_Data provided_
*** Block opens ***

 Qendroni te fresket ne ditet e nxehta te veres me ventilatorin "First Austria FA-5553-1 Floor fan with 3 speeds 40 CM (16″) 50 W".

*** Block closes ***
*** Block opens ***

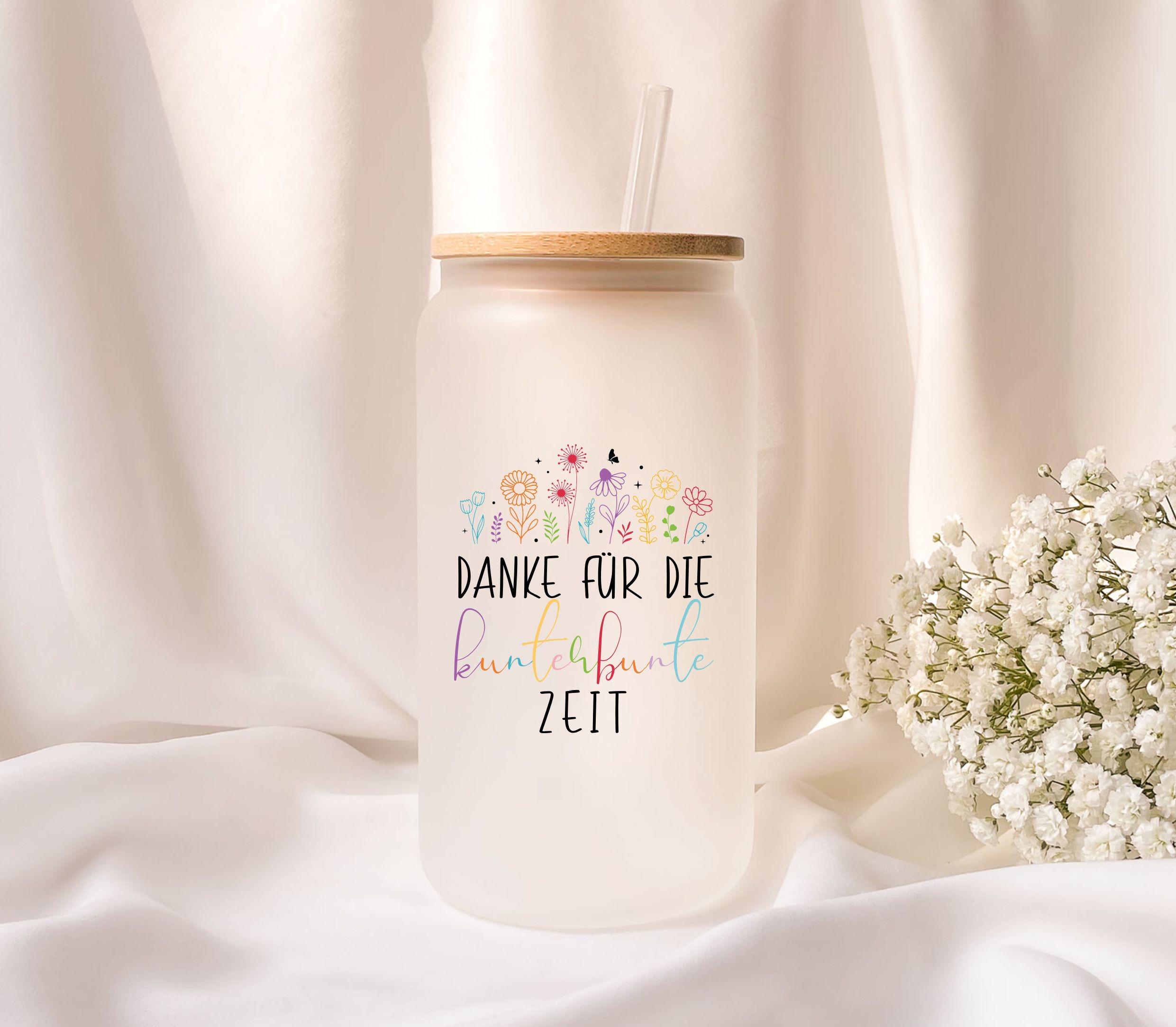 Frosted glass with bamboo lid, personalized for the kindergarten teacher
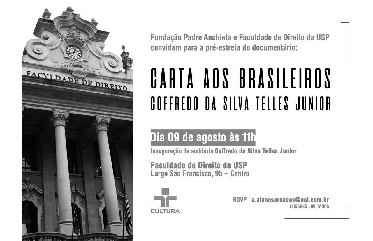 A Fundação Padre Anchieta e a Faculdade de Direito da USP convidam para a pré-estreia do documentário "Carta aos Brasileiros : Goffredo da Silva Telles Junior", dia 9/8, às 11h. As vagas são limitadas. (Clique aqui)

*** Block closes ***
*** Block opens ***

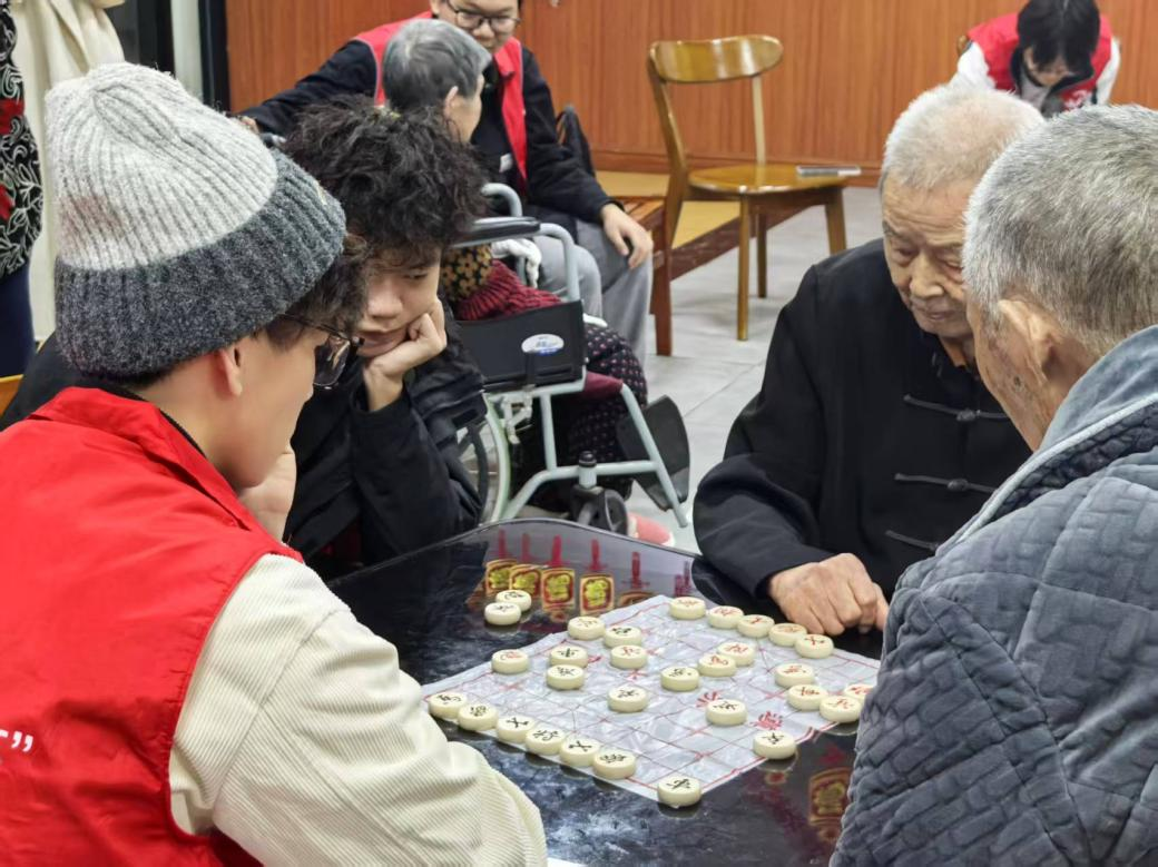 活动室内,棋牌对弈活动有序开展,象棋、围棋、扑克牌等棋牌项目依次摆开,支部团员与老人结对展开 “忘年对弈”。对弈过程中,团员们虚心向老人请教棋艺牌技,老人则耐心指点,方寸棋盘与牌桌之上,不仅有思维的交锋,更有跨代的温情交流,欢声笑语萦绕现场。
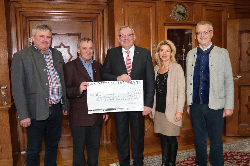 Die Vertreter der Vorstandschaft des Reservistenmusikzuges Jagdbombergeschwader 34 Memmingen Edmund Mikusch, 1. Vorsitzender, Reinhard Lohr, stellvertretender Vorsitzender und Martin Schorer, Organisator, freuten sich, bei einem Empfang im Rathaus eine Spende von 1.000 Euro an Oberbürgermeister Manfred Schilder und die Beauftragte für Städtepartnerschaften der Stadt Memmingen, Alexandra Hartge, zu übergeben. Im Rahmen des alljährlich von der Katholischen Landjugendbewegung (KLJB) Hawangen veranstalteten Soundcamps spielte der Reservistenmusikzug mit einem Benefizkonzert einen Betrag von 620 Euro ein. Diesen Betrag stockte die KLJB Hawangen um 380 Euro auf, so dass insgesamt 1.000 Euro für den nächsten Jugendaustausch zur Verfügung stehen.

*** Block closes ***

_Problem requirements_
What is needed is an exact copy of only the lines above from the one with "活动室内,棋牌对弈活动有序开" to the one with "Die Vertreter der", both kept, with every picture left out.

_Solution_
 活动室内,棋牌对弈活动有序开展,象棋、围棋、扑克牌等棋牌项目依次摆开,支部团员与老人结对展开 “忘年对弈”。对弈过程中,团员们虚心向老人请教棋艺牌技,老人则耐心指点,方寸棋盘与牌桌之上,不仅有思维的交锋,更有跨代的温情交流,欢声笑语萦绕现场。
 Die Vertreter der Vorstandschaft des Reservistenmusikzuges Jagdbombergeschwader 34 Memmingen Edmund Mikusch, 1. Vorsitzender, Reinhard Lohr, stellvertretender Vorsitzender und Martin Schorer, Organisator, freuten sich, bei einem Empfang im Rathaus eine Spende von 1.000 Euro an Oberbürgermeister Manfred Schilder und die Beauftragte für Städtepartnerschaften der Stadt Memmingen, Alexandra Hartge, zu übergeben. Im Rahmen des alljährlich von der Katholischen Landjugendbewegung (KLJB) Hawangen veranstalteten Soundcamps spielte der Reservistenmusikzug mit einem Benefizkonzert einen Betrag von 620 Euro ein. Diesen Betrag stockte die KLJB Hawangen um 380 Euro auf, so dass insgesamt 1.000 Euro für den nächsten Jugendaustausch zur Verfügung stehen.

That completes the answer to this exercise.